Iris plc borrows £50m at 9.5% from Westlloyds bank for five years. What cash flows will the firm have to find if the interest and principal are paid in the following ways?a. All interest and capital is paid at the end of the period.b. Interest only is paid for each of the years (at the year ends); all principal is paid at theend.c. £10m of the capital plus annual interest is paid on each anniversary date.
The correct answer and explanation is:
Let’s analyze each scenario for Iris plc borrowing £50 million at 9.5% interest for five years. We’ll calculate the cash flows (interest and principal payments) the firm must make under the three different repayment structures:
Given:
- Principal (Loan amount) = £50 million
- Annual interest rate = 9.5%
- Loan term = 5 years
a. All interest and principal is paid at the end of the period (bullet loan)
- The firm pays no interest or principal during the 5 years.
- At the end of year 5, the firm pays all interest accumulated over 5 years + the principal.
Interest each year:
9.5% of £50m = 0.095 × £50m = £4.75 million per year.
Total interest over 5 years:
£4.75m × 5 = £23.75 million.
Cash flow at end of year 5:
Principal (£50m) + Total interest (£23.75m) = £73.75 million.
Summary:
- Years 1–4: £0
- Year 5: £73.75 million (principal + interest)
b.
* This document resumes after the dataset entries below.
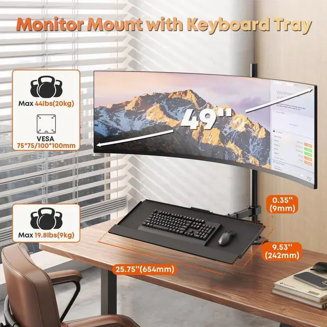 ^^ Wide Compatibility: This monitor and keyboard mount supports monitor up to 49 inch and 44 lbs. The keyboard mount ( 25.75"L x 9.53"W ) holds up to 19.8 lbs and is also compatible with an optional laptop mount, giving you flexible setup options.
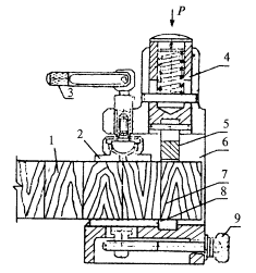 1 - образец; 2 - прижимная опора; 3 - рукоятка; 4 - пуансон; 5 - нож пуансона; 6 - корпус; 7 - клеевое соединение; 8 - передвижная опорная площадка; 9 - винт упора Рисунок 5 - Приспособление для испытаний на послойное скалывание 7.2.4. Образец испытывают до разрушения с постоянной скоростью перемещения пуансона и фиксируют разрушающую нагрузку Р, которую определяют с погрешностью не более 50 Н. Предел прочности клеевого соединения вычисляют по формуле (1). При необходимости для сравнения показателей прочности древесины и клеевого соединения идентичным образом проводится скалывание древесины вне зоны клеевого соединения. При проведении испытаний должны соблюдаться требования пп. 5.4 - 5.7 и 7.1.5. 7.3. Определение предела прочности зубчатых клеевых соединений при поперечном изгибе 7.3.1. Метод применяют при заводском контроле качества склеивания заготовок по длине. 7.3.2. Образцы для испытаний выпиливают из слоев, подготовленных для склеивания, в виде прямоугольной призмы с зубчатым клеевым соединением посередине длины. Длина образца должна быть не менее 15-кратной его толщины. За толщину образца h принимают размер по направлению приложения нагрузки. Средняя (рабочая) часть
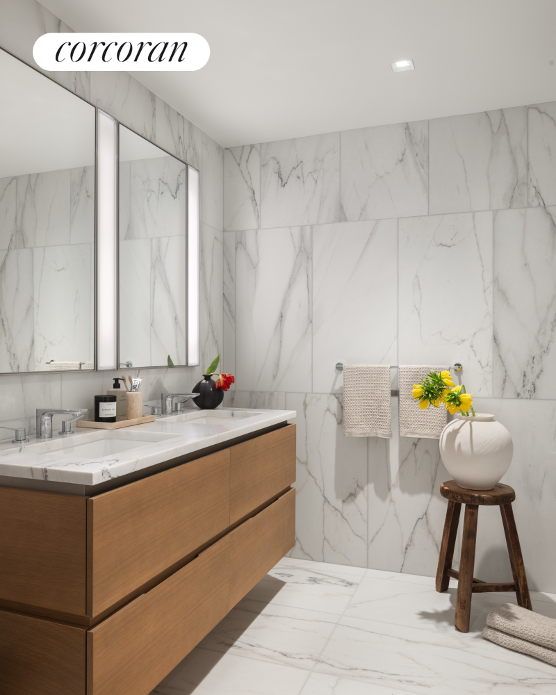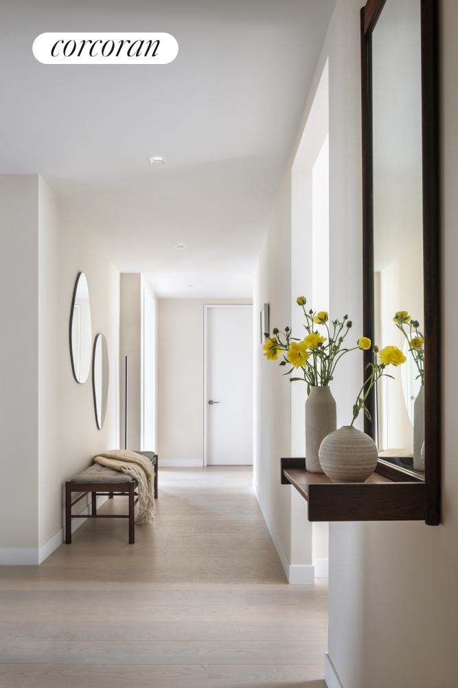 The meticulously-detailed interiors include myriad modern details including 7-inch-wide plank white oak flooring and massive bronze-finished windows with Caesarstone window ledges. Open-concept kitchens feature Miele appliances, natural warm-toned quartzite countertops, crisp matte white lacquer cabinetry, architectural cove lighting and Dornbracht faucet fixtures. Bathrooms are clad in handsome honey-toned European White Oak cabinetry, Calacatta Lincoln marble countertops with undermounted sinks, and showers with Dornbracht fixtures.
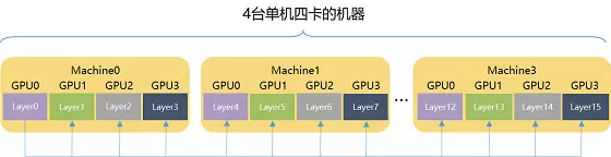 举个例子,假设用户有 4 台单机四卡的机器(共 16 张卡),训一个 16 层网络的模型。如果模型参数规模可以使用一台机器承载,则推荐使用 dp_degree=4 & sharding_degree=4 的方式,如图 11 所示。这种方式的优势在于只有机器内卡间通信,但是模型最大不能超过单台机器所能承受存储范围。
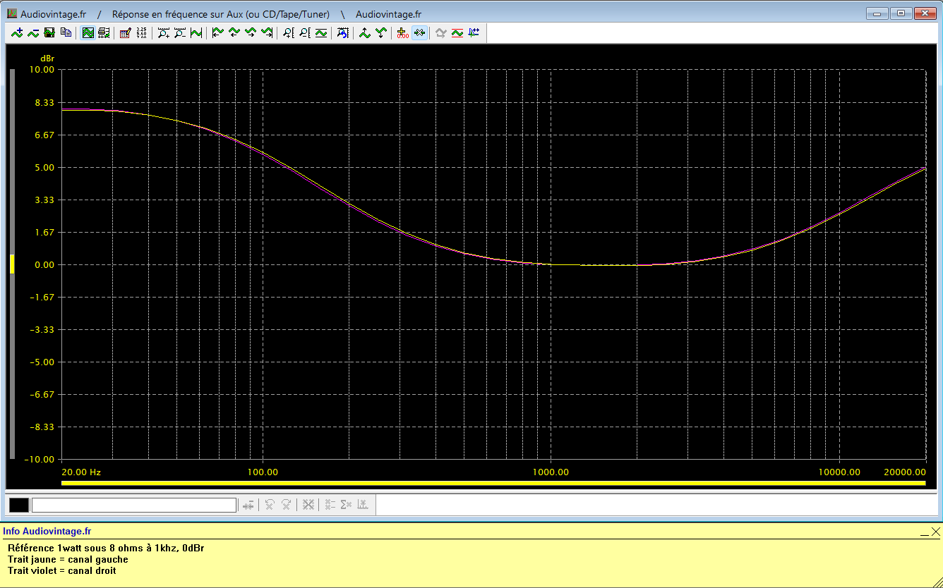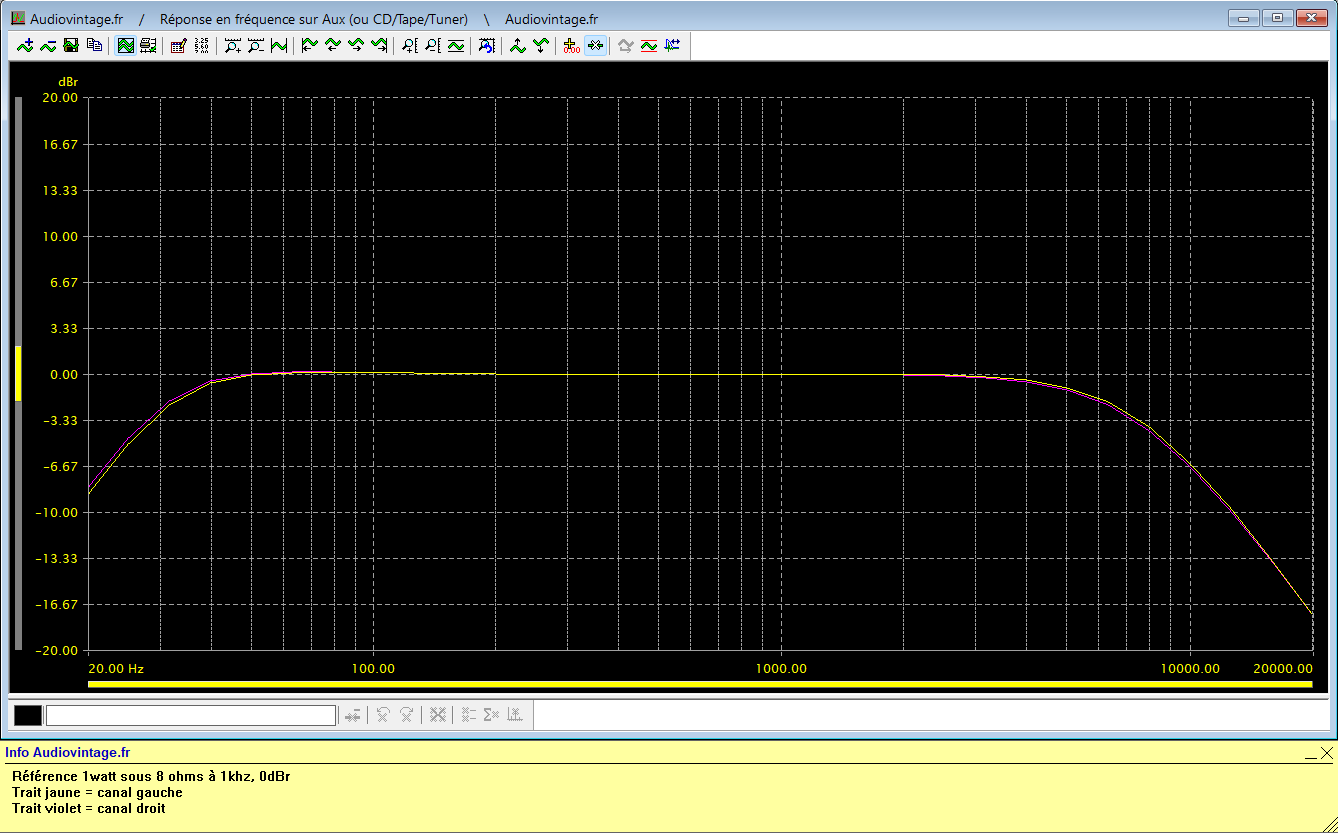 Réponse en fréquence à 2x1w sous 8 ohms, entrée phono, tone defeat.
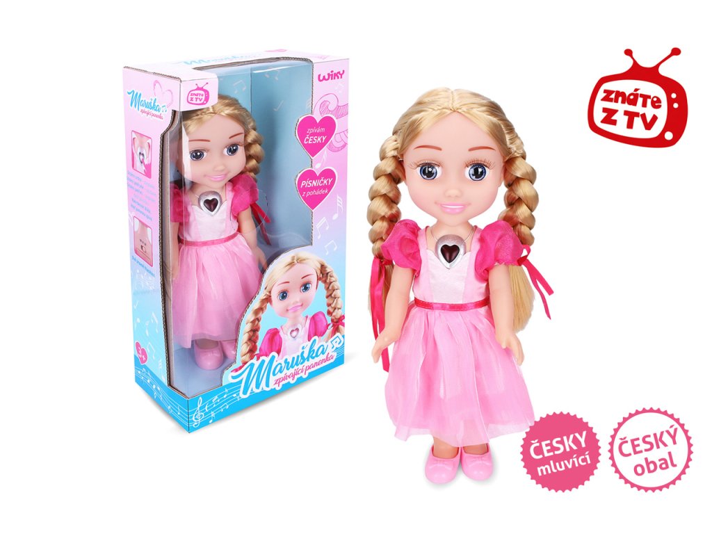 A Maruška baba a legjobb barátnőd lesz, akivel sok mókában és kalandban lesz részed! Énekelj vele mesedalokat, és légy hercegnő! A nyaklánc megnyomásával válassz hét meserészlet közül, és utazz el egy varázslatos világba, ahol a jó legyőzi a gonoszt. A nyaklánc villog, amikor a baba énekel. Lehetőség két hangerőszint kiválasztására. Nyomd meg a Szívet - énekel, nyomd meg másodszor - megáll, nyomd meg harmadszor - újabb dalt énekel. Dalok: Fejlődj, bimbócskám..., Hamupipőke és a három mogyoró..., Talán szerelem lesz..., Szél, szél..., Ha feldíszítem magam..., Szerencse a pokolból..., És a mese vége... . A baba mérete (m): 33 cm. Elem: 3xAAA (a csomag tartalmazza). Nyelv: Cseh. Életkor: 3+
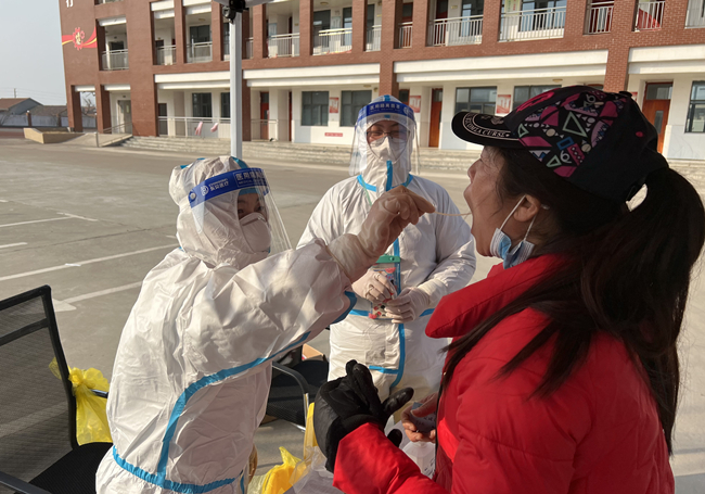 圖為黨員霍晶協助醫務人員對居民進行核酸采樣
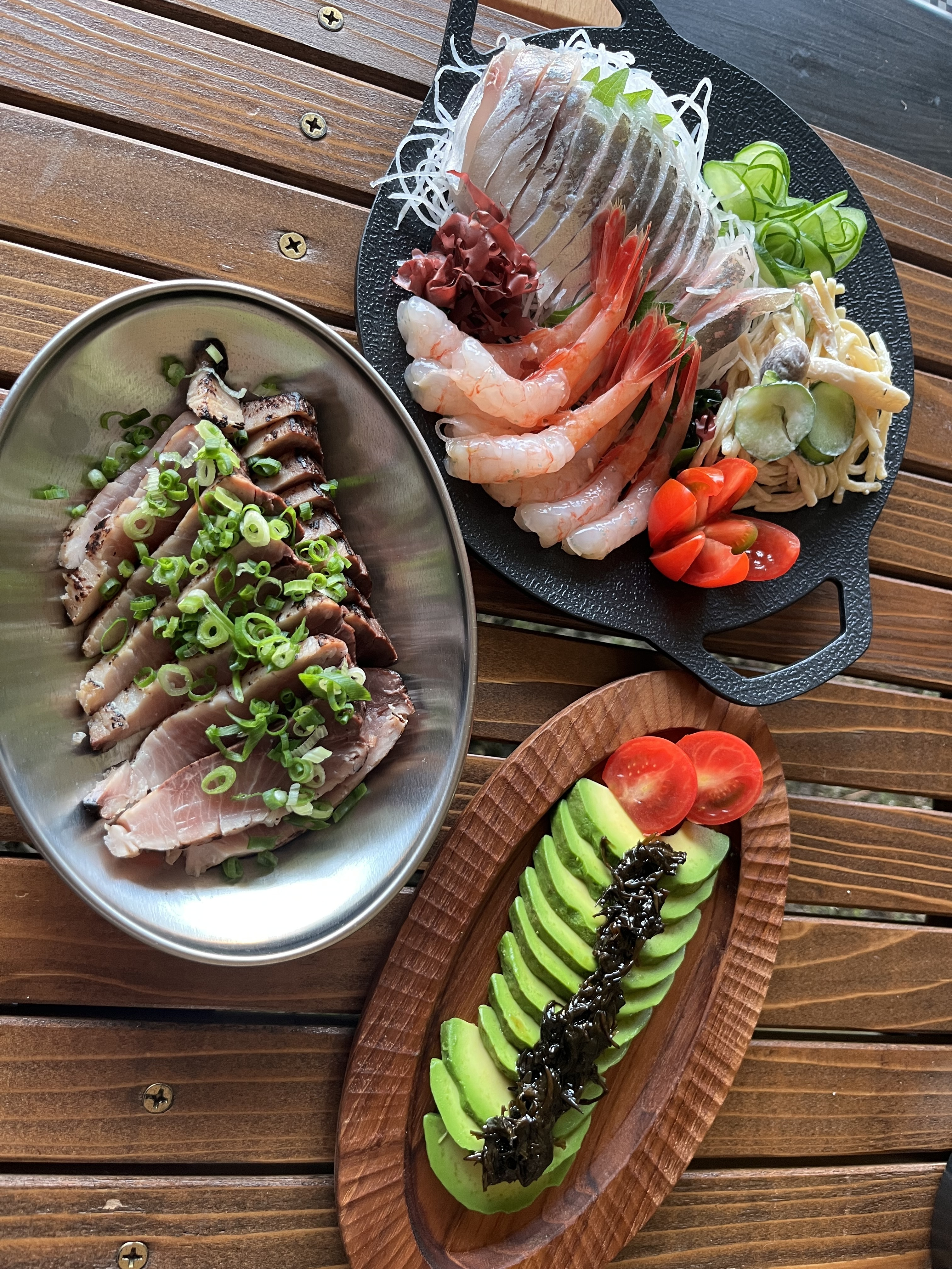 お刺身も炙りも美味しそうだけどアボカドの上に乗っているのは❓海苔の佃煮では無さそう😂❓アボカド好きなんで❤️気になる〜😍
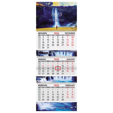 Календарь квартальный на 2025 г., 3 блока, 3 гребня, с бегунком, мелованная бумага, EXTRA, BRAUBERG, "Мотивация", 116153
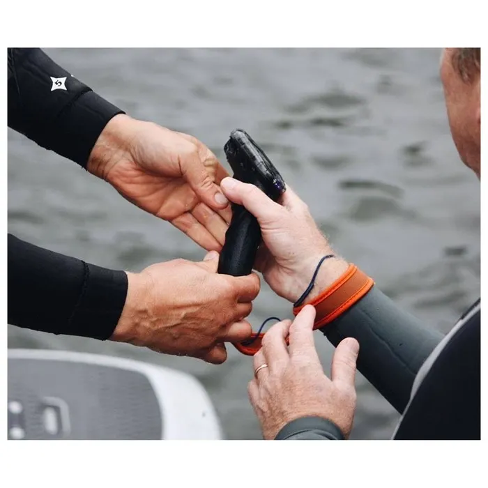 - Контроллер Waydoo Flyer прост в использовании: имеет кнопку включения, курок для регулировки тяги и кнопки переключения режимов. Стандарт защиты IP67 гарантирует ему водонепроницаемость даже при попадании в воду. Контроллер крепится к руке регулируемым ремешком.
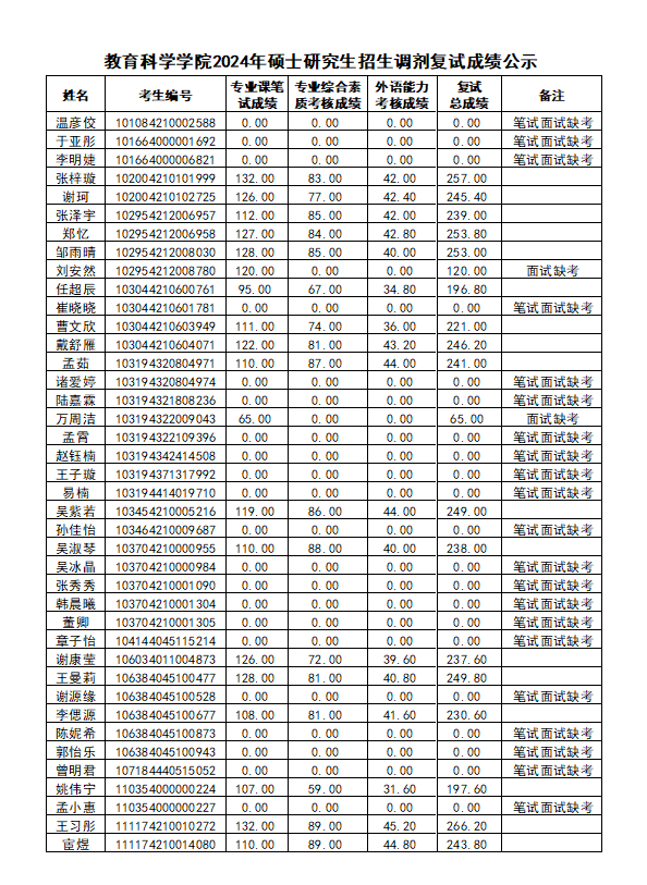 教育科学学院2024年硕士研究生招生调剂复试成绩公示

Interest only is paid each year; principal is paid all at the end
- Each year (years 1 to 5), the firm pays only the interest.
- At the end of year 5, the firm repays the entire principal.
Annual interest payment: £4.75 million (as above)
Year 5 principal payment: £50 million
Summary of cash flows:
Year | Payment (£m) |
---|---|
1 | 4.75 (interest only) |
2 | 4.75 (interest only) |
3 | 4.75 (interest only) |
4 | 4.75 (interest only) |
5 | 4.75 (interest) + 50 (principal) = 54.75 |
c. £10m of the principal plus annual interest is paid on each anniversary
- The firm repays £10 million of principal every year, plus the interest due on the remaining principal at the start of the year.
- This is a form of amortizing loan with equal principal repayments.
Let’s calculate the interest each year on the outstanding principal:
Year | Principal Outstanding at start (£m) | Interest (9.5%) (£m) | Principal repaid (£m) | Total payment (£m) |
---|---|---|---|---|
1 | 50 | 4.75 | 10 | 4.75 + 10 = 14.75 |
2 | 40 (50 – 10) | 3.8 | 10 | 3.8 + 10 = 13.8 |
3 | 30 (40 – 10) | 2.85 | 10 | 2.85 + 10 = 12.85 |
4 | 20 (30 – 10) | 1.9 | 10 | 1.9 + 10 = 11.9 |
5 | 10 (20 – 10) | 0.95 | 10 | 0.95 + 10 = 10.95 |
Summary and Explanation:
a) Lump sum at the end means the company avoids cash outflows until maturity but must pay a large amount at once. This can strain liquidity but delays cash outflows.
b) Interest-only payments keep the annual cash flow moderate, but the principal remains due at the end, requiring good planning for a large lump sum payment.
c) Equal principal repayments reduce the principal each year, so interest payments decline over time, reducing the firm’s annual interest expense and spreading out the cash outflows more evenly.
Why is this important?
Understanding these cash flows helps Iris plc manage liquidity and interest expenses. The loan structure impacts how much cash the firm needs each year and affects financial planning, risk, and creditworthiness. Scenario (c) is often preferred for better cash flow management, though it requires higher initial payments than scenario (b).